Чего, спрашивается, он сюда приехал? Мог бы помолиться дома. Неужто и он поверил в кабацкого мессию? Он - рабби Ури, мудрейший из мудрых, ученейший из ученых. Кто, кто, а он-то знает, что бог велик, но чудес не совершает. Во всяком случае - бог евреев. Совершил чудо - создал их и забыл, презрел, бросил на произвол судьбы, отдал на съеденье царям и урядникам. За все время существования иудейского племени - от наших праотцев Авраама и Иакова до ночного сторожа Рахмиэла - всевышний ни разу не явил ему свою милость. Разве погромы - милость? Разве черта оседлости - милость? Нельзя сказать, что он, бог евреев, обошел всех. Кого-то он - порой неизвестно за что - все же избрал и одарил своими благами. Но если один счастлив (да счастлив ли он?), значит ли это, что может возрадоваться все племя?
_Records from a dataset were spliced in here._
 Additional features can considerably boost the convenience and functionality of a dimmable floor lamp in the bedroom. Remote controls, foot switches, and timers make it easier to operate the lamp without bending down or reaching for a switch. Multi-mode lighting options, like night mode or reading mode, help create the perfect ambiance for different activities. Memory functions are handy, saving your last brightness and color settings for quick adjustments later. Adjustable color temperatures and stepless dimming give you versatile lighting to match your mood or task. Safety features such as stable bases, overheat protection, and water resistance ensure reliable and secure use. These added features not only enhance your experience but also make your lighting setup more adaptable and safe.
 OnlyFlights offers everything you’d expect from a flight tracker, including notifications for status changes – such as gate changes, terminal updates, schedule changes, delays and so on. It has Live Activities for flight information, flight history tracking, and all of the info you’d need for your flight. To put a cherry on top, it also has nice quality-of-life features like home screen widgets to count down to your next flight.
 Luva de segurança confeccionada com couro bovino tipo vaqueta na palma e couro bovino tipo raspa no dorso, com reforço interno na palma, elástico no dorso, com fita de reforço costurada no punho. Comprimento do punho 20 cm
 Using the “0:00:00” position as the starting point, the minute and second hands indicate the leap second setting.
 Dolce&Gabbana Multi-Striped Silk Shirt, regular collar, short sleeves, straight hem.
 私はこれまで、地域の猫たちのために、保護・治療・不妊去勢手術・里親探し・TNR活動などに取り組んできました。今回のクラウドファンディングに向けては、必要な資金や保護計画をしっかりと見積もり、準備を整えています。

Рабби Ури тяжело дышал. В молельне было душно. Шутка сказать - столько ртов, выдыхающих свои жалобы и надежды. За его спиной молится смерть, а чуть поодаль шевелит губами его ученик Ицик Магид. Чему он его научил? Лес рубить. Рабби Ури имеет в виду не топор лесоруба, а мысли Ицика. Они острее, чем топор, и валят каждую минуту не дерево, а кого-то. Рабби Ури знает, кого своими мыслями рубит под корень Ицик. Лесоторговца Маркуса Фрадкина. А за что? За мать, поившую его дочь грудным молоком, за своего брата, не успевшего притронуться к соскам матери? А может, за то, что никогда не будет мужем Зельды?

Мир, размышлял рабби Ури под журчание молитвы, вместилище зла и пороков. И уж если бог их не искоренил, что может сделать какой-то самозванец?

И все же любопытство и ревность снедали рабби Ури. Оказывается, можно и к богу ревновать. Ревновать, как к женщине.